Data are presented as % (n). CAD indicates coronary artery disease; EP, electrophysiology; HF/CMP, heart failure/cardiomyopathy; NIH, National Institutes of Health; PAD, peripheral arterial disease.

Includes combined phase‐2/3 studies.

Primary outcomes for the completed studies (n=511) were most often studying a biomarker for a clinical condition or outcome (72.0%), and only 31.8% listed a clinical event for their primary outcome (Table 5). Quality‐of‐life and economic analyses were performed in 2.6% of studies.

Table 5.

Primary Outcomes Listed for Completed Studies (n=511)

Primary Outcome*	Overall (n=511)	Phase 0 to 2 (n=133)	Phase 3* (n=81)	Phase 4 (n=147)	Other* (n=150)
Clinical event	31.8 (157)	34.4 (45)	30.4 (24)	27.1 (38)	35.0 (50)
Biomarker	72.0 (355)	74.0 (97)	75.9 (60)	72.1 (101)	67.8 (97)
Quality of life	2.0 (10)	1.5 (2)	0	1.4 (2)	4.2 (6)
Economic analysis	0.6 (3)	0	0	1.4 (2)	0.7 (1)

Data are presented as % (n).

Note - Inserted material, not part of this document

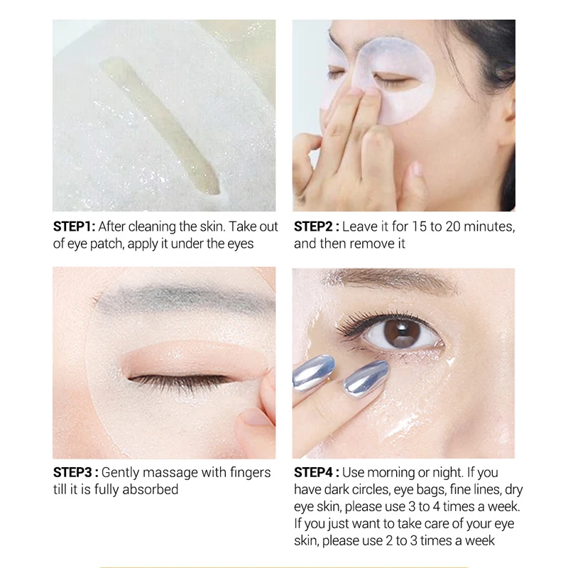 Способ применения: 1. После очищения лица Используйте лосьон, чтобы успокоить вашу кожу. 2. Выньте один лист маски для глаз пинцетом и нанесите на зону вокруг глаз. Вы будете чувствовать себя круто. 3. Маска для глаз также может быть использована на других сухих частях на лице или вокруг носогубных складок. Ваши проблемы с кожей могут быть эффективно уменьшены. 4. Удалите маску для глаз, когда она станет тоньше через 15-20 минут. Она может хорошо впитываться кожей.

Outcome missing in 3.5% (n=18) studies.

Outcome categories describe clinical events (eg, MI, death, stroke), biomarkers (eg, blood pressure, lab or imaging findings), quality of life (eg, patient‐reported outcomes), or economic evaluations (eg, cost or cost‐effectiveness).

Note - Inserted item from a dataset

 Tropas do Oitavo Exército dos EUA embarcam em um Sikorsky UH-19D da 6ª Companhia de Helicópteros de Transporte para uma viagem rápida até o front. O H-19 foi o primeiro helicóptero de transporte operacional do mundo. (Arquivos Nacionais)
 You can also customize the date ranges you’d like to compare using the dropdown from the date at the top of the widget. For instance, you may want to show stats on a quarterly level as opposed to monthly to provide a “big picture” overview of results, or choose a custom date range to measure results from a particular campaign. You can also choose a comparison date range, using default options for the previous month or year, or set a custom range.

Includes combined phase‐2/3 studies.

Other indicates terminated, withdrawn, or suspended enrollment.

Discussion

Our analysis of adult cardiovascular research registered in ClinicalTrials.gov demonstrates that prevalent diseases and diverse patient enrollment do not necessarily translate into a portfolio of large controlled trials powered to test meaningful clinical endpoints. Despite over 6 million admissions for cardiovascular disease in the United States annually,[8] the cardiovascular research landscape is dominated by smaller trials and postmarketing studies. This may be the result of fragmented allocation of resources to research, interest in incubator and early technology development, or challenges in generating the large‐scale research needed to demonstrate efficacy and safety in the general population. Although early development is crucial to innovation, investigators, sponsors, and policymakers must also avoid the pitfalls of bias and the overestimation of effects from combining multiple small trials as a strategy.[9] Lastly, the preponderance of smaller trials represents an opportunity to encourage collaboration and foster research networks capable of enrolling larger numbers of patients, thereby improving the likelihood that the clinical research portfolio will make a meaningful impact on the care of patients.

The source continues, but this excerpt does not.